======== SUPPLIED RECORDS

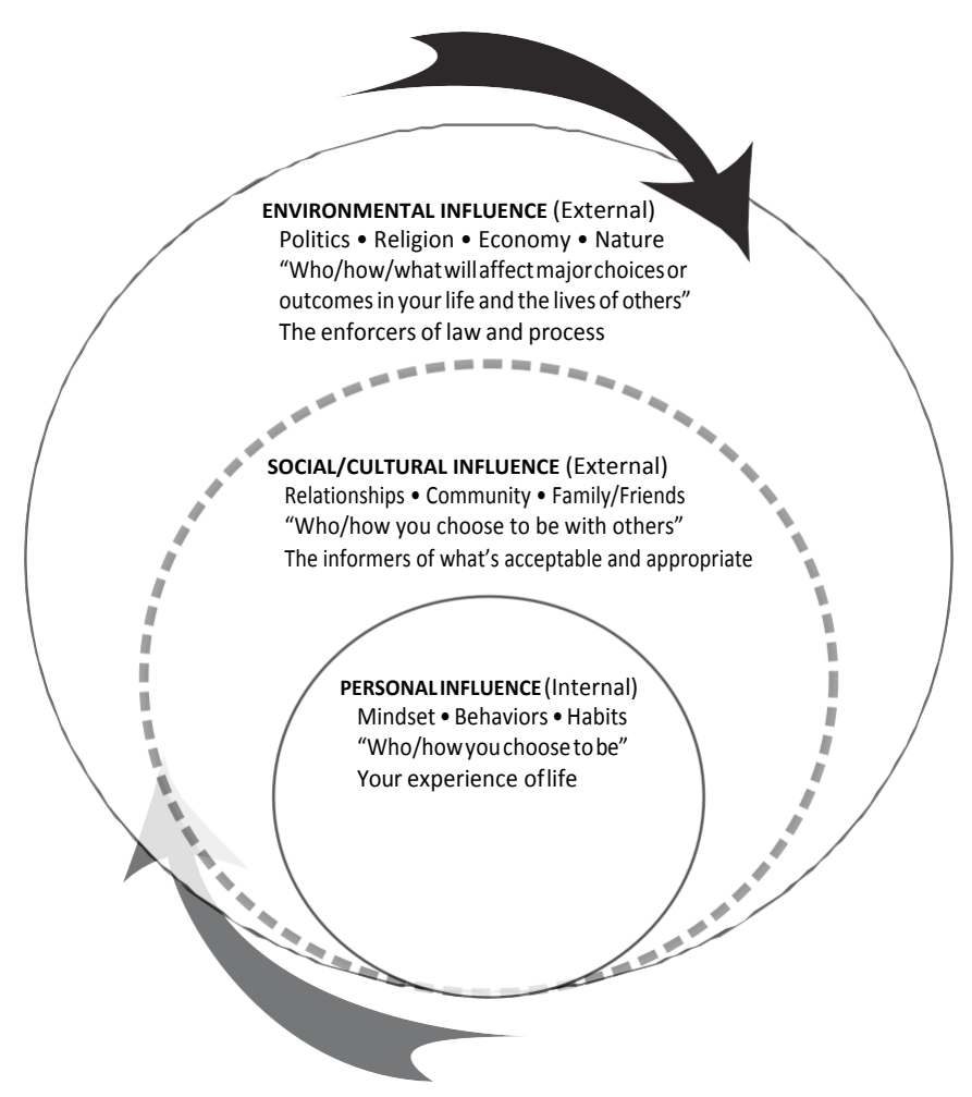
The Social/Cultural Influence (External) Relationships • Community • Family/Friends "Who/How You Choose to Be with Others" The Informers of What's Acceptable and Appropriate

The Social/Cultural Influence sphere lies right outside the personal influence experience. It includes family, friends, social, and work circles as well as communities you choose to rely on and trust (such as religious or philosophical groups or the place you choose to live/work or your career itself). In the Social/Cultural sphere of influence you have some choice, some free will.
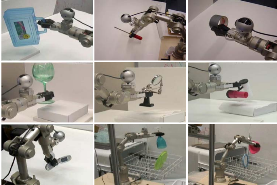
Figure 6: The robotic arm picking up various objects: box, screwdriver, duct-tape, wine glass, a solder tool holder, powerhorn, cellphone, and martini glass and cereal bowl from dishwasher.
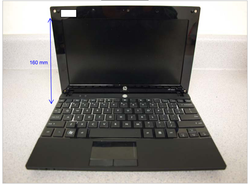
END OF REPORT
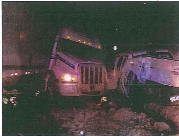
sb at right shoulder location
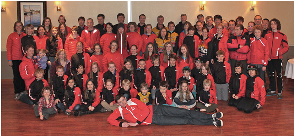
SIXTY STRATHCONA NORDICS racers plus coaches and support crew enjoyed racing and camaraderie at the BC Champs in Kelowna last weekend.
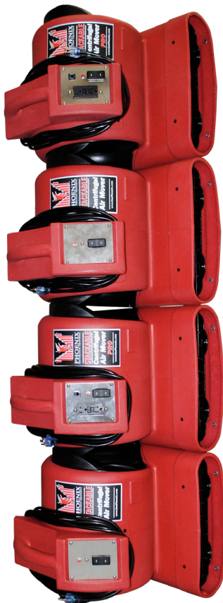
PNs 4032280 and 4032280 are pictured to demonstrate maximum stackability.

WARNING: Disconnect the unit from power before servicing or cleaning. Replace the safety grill after servicing or cleaning.
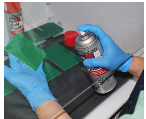
Closeup of operator spraying conformal coating under the 30" DSH.
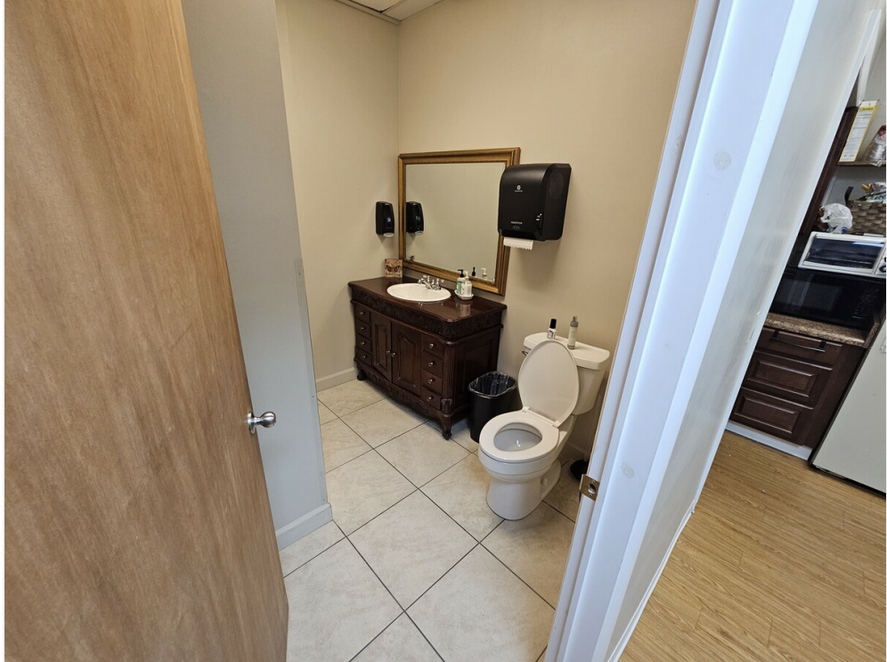
Client / Guest Bathroom
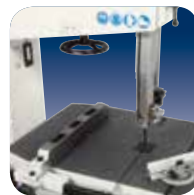
Protection safety first
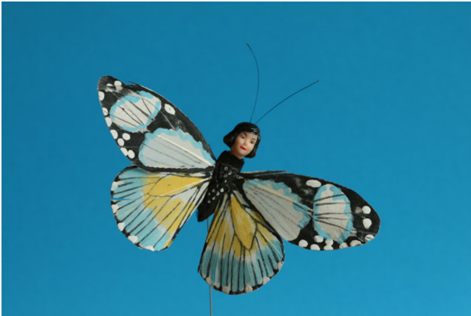
Miwako Iga Butterfly (Blue) C-print 20x30cm
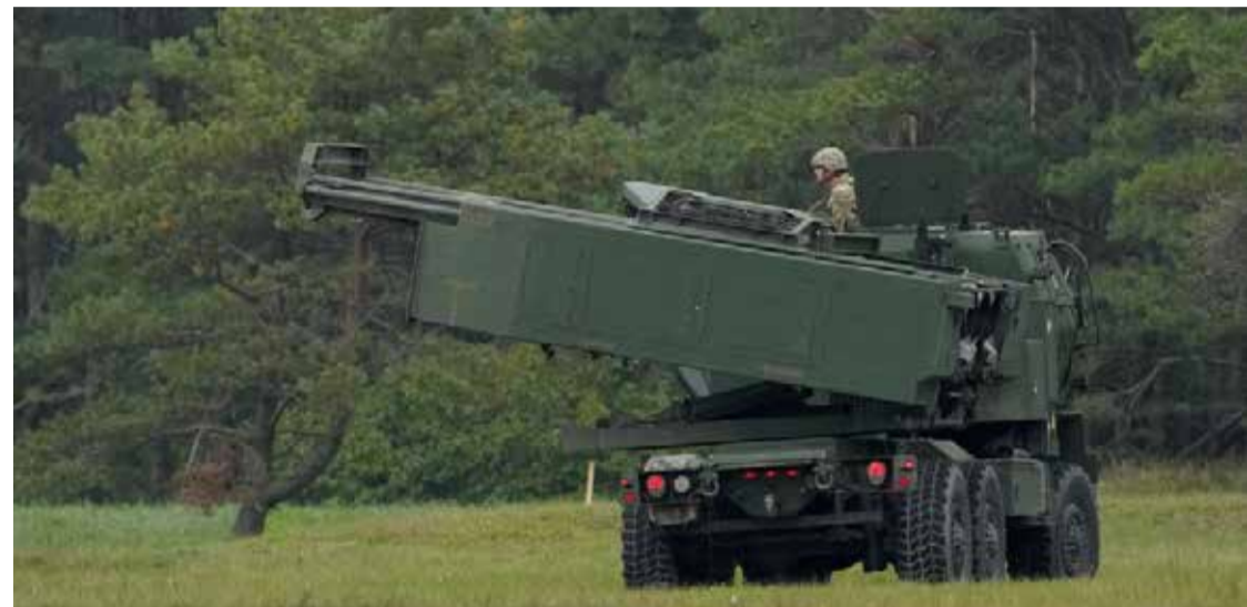
A M142 High Mobility Artillery Rocket System (HIMARS) takes part in a military exercise near Liepaja, Latvia

US and allied military inventories are shrinking, and Ukraine faces an increasing need for more sophisticated weapons as the war drags on. Boeing's proposed system, dubbed Ground-Launched Small Diameter Bomb (GLSDB), is one of about a half-dozen plans for getting new munitions into production for Ukraine and America's Eastern European al-

================

## [EXERCISE AIM]
Write down only how many lines in the listing contain the word "safety".

## [YOUR SOLUTION]
2